Saved entries
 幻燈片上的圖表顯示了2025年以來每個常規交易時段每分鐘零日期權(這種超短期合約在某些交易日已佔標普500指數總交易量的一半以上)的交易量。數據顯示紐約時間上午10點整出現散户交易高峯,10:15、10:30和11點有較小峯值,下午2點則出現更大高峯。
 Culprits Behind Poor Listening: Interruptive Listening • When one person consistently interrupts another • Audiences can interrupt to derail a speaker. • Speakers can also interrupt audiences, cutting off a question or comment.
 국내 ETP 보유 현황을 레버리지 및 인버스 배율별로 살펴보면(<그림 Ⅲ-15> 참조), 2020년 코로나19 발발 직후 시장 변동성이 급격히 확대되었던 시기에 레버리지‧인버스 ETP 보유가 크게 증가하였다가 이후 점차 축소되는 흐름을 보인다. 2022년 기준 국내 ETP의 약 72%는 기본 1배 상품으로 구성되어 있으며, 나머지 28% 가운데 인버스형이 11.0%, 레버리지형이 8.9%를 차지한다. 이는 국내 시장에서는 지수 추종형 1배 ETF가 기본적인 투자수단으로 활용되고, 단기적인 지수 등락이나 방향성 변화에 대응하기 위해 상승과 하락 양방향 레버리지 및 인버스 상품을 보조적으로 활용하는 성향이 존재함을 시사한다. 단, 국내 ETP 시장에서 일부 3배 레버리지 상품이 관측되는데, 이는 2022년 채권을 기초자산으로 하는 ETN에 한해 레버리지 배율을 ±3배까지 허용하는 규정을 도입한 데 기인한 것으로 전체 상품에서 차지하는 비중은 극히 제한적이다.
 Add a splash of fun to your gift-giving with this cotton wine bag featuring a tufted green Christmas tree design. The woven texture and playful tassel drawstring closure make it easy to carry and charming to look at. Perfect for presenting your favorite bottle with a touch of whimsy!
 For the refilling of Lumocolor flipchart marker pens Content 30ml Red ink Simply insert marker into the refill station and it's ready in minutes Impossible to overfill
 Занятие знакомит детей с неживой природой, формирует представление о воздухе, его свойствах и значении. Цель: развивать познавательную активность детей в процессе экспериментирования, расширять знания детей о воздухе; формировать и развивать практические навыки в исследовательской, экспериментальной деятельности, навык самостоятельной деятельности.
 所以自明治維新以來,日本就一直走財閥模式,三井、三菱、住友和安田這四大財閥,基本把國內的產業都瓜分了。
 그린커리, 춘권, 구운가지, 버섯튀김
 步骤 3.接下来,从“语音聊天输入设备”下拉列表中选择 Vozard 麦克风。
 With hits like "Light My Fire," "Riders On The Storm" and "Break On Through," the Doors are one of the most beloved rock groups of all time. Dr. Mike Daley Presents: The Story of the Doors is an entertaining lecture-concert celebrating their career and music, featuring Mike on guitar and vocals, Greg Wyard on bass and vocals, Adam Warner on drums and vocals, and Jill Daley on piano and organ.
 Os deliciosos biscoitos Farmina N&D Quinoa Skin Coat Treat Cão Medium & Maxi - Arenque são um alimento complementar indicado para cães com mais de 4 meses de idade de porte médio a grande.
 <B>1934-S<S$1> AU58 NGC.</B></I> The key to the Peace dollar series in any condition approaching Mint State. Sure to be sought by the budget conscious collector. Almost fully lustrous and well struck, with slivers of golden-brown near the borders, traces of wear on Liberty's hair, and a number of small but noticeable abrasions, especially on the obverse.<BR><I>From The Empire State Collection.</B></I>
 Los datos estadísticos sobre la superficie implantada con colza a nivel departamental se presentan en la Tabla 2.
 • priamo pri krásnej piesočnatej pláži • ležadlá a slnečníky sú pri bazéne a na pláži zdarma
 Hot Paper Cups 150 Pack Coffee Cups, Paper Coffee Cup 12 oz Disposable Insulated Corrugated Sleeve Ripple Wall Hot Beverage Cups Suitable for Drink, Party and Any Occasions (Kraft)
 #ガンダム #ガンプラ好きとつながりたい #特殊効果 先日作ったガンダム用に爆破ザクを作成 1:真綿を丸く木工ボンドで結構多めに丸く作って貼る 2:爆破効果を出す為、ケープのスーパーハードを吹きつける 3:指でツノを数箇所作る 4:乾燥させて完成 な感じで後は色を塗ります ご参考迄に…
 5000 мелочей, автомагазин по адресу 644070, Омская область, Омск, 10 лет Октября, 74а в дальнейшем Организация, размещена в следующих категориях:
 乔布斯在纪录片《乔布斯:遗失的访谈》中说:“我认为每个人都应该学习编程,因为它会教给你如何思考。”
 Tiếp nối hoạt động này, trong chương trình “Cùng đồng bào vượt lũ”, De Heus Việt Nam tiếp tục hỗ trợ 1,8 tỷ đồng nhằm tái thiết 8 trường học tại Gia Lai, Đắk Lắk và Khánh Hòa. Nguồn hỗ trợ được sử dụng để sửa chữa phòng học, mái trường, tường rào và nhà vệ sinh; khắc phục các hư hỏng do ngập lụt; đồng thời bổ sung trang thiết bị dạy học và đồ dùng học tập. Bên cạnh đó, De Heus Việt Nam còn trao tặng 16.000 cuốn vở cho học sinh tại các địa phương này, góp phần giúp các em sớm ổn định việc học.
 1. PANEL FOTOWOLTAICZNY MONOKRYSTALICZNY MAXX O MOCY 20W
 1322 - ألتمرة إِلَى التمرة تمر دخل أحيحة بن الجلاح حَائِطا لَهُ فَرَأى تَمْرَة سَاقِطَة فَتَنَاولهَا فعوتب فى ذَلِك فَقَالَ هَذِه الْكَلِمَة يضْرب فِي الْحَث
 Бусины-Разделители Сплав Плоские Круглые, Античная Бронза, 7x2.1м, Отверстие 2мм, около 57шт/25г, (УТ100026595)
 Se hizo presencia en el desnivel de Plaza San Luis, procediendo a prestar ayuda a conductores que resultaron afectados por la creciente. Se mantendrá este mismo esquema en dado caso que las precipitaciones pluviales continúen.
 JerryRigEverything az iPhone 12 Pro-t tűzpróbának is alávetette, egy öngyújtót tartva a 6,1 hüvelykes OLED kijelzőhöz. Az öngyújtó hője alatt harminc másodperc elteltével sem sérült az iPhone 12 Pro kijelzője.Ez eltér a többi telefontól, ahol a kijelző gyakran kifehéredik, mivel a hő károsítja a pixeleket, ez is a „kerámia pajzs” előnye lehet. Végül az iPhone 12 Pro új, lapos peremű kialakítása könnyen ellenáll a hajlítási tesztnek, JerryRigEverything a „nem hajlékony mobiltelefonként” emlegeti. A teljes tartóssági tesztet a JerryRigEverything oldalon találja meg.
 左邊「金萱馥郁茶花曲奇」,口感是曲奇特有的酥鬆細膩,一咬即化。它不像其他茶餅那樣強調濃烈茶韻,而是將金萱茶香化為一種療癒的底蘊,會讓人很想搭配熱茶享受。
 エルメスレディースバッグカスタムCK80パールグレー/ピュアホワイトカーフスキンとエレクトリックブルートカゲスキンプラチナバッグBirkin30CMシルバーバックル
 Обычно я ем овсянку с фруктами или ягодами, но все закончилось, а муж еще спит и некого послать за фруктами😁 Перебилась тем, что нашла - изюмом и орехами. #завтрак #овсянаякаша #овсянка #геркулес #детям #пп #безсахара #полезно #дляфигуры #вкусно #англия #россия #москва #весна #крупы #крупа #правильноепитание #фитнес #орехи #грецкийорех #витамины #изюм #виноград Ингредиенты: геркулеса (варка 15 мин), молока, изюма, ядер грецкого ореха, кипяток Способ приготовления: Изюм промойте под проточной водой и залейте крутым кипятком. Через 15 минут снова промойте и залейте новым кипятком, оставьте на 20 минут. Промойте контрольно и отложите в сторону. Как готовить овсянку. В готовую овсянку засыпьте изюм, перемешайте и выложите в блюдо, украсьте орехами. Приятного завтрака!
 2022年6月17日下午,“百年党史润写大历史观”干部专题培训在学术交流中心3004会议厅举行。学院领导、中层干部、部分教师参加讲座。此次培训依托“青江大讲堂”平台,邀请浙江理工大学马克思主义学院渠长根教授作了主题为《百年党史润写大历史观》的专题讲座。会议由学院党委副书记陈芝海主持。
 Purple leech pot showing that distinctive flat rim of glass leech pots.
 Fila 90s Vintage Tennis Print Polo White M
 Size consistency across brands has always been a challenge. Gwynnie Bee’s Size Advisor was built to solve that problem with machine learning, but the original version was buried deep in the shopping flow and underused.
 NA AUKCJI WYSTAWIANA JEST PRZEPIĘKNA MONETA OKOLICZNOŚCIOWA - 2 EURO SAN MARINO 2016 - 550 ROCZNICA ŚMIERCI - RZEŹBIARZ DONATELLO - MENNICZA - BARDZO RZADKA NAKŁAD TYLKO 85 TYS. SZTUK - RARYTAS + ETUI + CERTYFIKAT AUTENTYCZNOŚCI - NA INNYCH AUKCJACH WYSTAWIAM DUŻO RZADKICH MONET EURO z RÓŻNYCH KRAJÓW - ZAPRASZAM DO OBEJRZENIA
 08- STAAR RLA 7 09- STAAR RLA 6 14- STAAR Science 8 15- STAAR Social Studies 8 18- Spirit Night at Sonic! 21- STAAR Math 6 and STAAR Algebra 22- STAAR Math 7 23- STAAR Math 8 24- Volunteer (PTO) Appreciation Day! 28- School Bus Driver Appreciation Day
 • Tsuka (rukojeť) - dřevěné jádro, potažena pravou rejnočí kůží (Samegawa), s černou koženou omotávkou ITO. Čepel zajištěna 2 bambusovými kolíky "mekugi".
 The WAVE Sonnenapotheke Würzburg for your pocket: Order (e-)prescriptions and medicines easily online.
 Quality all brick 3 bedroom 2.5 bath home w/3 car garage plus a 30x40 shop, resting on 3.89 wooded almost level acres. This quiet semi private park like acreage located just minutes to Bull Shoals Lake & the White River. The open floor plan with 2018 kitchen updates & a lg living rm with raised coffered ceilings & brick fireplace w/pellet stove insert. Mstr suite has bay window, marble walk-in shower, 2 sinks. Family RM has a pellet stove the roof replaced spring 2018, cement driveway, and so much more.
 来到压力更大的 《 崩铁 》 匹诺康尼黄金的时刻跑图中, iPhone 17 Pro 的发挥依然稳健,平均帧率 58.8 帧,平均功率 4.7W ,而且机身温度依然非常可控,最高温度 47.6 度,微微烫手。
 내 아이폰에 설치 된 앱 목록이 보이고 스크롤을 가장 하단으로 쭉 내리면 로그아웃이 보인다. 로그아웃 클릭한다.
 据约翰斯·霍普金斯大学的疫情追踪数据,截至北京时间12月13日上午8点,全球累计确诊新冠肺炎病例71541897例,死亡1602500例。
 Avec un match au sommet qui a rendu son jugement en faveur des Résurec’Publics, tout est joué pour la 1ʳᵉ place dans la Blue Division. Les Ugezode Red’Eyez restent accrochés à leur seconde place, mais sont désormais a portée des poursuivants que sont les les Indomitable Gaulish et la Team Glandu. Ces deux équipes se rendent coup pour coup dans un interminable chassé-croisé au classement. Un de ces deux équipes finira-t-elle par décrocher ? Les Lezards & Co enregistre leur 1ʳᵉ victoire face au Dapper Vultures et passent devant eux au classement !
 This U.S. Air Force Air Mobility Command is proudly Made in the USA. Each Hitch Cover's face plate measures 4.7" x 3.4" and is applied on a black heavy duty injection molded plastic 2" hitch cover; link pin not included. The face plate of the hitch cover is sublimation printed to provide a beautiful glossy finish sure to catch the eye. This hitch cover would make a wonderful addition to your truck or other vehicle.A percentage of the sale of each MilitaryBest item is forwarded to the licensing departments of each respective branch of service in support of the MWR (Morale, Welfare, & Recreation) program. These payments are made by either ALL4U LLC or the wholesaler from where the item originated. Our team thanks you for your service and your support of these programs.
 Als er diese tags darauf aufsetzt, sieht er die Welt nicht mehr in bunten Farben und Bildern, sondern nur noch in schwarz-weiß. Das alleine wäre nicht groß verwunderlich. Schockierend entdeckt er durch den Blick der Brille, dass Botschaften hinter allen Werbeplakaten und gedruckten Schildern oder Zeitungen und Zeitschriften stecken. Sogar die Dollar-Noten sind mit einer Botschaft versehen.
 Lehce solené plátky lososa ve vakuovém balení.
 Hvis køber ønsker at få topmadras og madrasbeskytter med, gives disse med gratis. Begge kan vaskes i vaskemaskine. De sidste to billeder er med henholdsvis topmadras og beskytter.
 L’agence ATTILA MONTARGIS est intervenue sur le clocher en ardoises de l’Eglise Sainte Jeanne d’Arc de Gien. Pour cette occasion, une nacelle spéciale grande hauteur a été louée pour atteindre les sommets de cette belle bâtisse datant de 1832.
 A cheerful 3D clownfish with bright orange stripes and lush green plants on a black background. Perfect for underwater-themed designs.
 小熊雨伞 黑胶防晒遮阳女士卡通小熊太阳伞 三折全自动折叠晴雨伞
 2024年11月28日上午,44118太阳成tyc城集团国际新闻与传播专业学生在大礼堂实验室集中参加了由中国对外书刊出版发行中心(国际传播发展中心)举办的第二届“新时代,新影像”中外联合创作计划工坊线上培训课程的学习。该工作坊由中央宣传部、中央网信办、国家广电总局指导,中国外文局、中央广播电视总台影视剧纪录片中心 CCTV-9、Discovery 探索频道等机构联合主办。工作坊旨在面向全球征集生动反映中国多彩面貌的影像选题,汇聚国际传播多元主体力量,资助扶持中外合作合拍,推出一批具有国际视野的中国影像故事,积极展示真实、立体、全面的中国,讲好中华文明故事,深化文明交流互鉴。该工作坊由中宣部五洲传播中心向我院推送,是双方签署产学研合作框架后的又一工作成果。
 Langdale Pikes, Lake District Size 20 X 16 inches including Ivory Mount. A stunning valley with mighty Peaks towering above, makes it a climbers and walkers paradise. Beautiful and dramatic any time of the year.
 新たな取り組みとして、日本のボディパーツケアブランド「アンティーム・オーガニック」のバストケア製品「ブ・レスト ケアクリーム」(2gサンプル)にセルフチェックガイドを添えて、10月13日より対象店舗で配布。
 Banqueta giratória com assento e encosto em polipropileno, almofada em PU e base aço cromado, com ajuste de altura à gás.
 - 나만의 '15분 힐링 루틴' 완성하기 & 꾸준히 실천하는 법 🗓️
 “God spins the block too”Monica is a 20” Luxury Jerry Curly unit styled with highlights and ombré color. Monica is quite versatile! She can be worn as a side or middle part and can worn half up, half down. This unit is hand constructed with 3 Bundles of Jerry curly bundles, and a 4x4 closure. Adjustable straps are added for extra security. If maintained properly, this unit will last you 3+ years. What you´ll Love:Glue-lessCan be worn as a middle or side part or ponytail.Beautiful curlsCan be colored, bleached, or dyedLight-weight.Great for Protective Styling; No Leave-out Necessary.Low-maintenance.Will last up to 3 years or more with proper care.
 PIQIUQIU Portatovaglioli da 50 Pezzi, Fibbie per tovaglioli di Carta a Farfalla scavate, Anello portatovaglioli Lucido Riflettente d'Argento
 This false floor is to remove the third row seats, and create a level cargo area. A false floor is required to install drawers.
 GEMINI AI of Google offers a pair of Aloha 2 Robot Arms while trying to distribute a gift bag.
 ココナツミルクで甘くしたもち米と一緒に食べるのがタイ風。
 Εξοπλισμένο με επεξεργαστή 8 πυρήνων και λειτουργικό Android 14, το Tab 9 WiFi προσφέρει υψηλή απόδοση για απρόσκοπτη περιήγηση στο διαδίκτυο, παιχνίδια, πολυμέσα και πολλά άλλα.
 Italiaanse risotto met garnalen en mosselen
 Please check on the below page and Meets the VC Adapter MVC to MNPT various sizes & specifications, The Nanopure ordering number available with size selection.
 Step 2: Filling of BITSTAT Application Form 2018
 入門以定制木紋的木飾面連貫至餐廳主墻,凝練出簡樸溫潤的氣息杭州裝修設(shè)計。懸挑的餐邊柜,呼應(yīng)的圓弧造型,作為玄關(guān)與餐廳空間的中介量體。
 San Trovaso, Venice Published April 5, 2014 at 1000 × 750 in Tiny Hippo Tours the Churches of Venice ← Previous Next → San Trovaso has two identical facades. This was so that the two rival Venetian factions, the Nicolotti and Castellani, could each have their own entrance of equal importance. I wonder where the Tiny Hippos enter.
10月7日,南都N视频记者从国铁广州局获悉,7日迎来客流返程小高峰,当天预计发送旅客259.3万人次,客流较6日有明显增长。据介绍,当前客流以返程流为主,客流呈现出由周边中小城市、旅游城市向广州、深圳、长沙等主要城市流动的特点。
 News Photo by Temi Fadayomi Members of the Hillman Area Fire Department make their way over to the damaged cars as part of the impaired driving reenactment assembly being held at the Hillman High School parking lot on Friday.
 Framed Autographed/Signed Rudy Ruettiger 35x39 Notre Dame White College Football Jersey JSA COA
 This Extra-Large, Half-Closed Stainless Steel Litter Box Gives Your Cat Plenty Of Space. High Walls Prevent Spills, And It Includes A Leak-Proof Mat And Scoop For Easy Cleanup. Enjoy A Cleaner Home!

TASK ITEM. Beginning with the line that has "그린커리, 춘권, 구운가지, 버섯튀김" and ending with the line that has "乔布斯在纪录片《乔布斯:遗失", set down the lines above exactly and include no others.

EXERCISE RESULT.
 그린커리, 춘권, 구운가지, 버섯튀김
 步骤 3.接下来,从“语音聊天输入设备”下拉列表中选择 Vozard 麦克风。
 With hits like "Light My Fire," "Riders On The Storm" and "Break On Through," the Doors are one of the most beloved rock groups of all time. Dr. Mike Daley Presents: The Story of the Doors is an entertaining lecture-concert celebrating their career and music, featuring Mike on guitar and vocals, Greg Wyard on bass and vocals, Adam Warner on drums and vocals, and Jill Daley on piano and organ.
 Os deliciosos biscoitos Farmina N&D Quinoa Skin Coat Treat Cão Medium & Maxi - Arenque são um alimento complementar indicado para cães com mais de 4 meses de idade de porte médio a grande.
 <B>1934-S<S$1> AU58 NGC.</B></I> The key to the Peace dollar series in any condition approaching Mint State. Sure to be sought by the budget conscious collector. Almost fully lustrous and well struck, with slivers of golden-brown near the borders, traces of wear on Liberty's hair, and a number of small but noticeable abrasions, especially on the obverse.<BR><I>From The Empire State Collection.</B></I>
 Los datos estadísticos sobre la superficie implantada con colza a nivel departamental se presentan en la Tabla 2.
 • priamo pri krásnej piesočnatej pláži • ležadlá a slnečníky sú pri bazéne a na pláži zdarma
 Hot Paper Cups 150 Pack Coffee Cups, Paper Coffee Cup 12 oz Disposable Insulated Corrugated Sleeve Ripple Wall Hot Beverage Cups Suitable for Drink, Party and Any Occasions (Kraft)
 #ガンダム #ガンプラ好きとつながりたい #特殊効果 先日作ったガンダム用に爆破ザクを作成 1:真綿を丸く木工ボンドで結構多めに丸く作って貼る 2:爆破効果を出す為、ケープのスーパーハードを吹きつける 3:指でツノを数箇所作る 4:乾燥させて完成 な感じで後は色を塗ります ご参考迄に…
 5000 мелочей, автомагазин по адресу 644070, Омская область, Омск, 10 лет Октября, 74а в дальнейшем Организация, размещена в следующих категориях:
 乔布斯在纪录片《乔布斯:遗失的访谈》中说:“我认为每个人都应该学习编程,因为它会教给你如何思考。”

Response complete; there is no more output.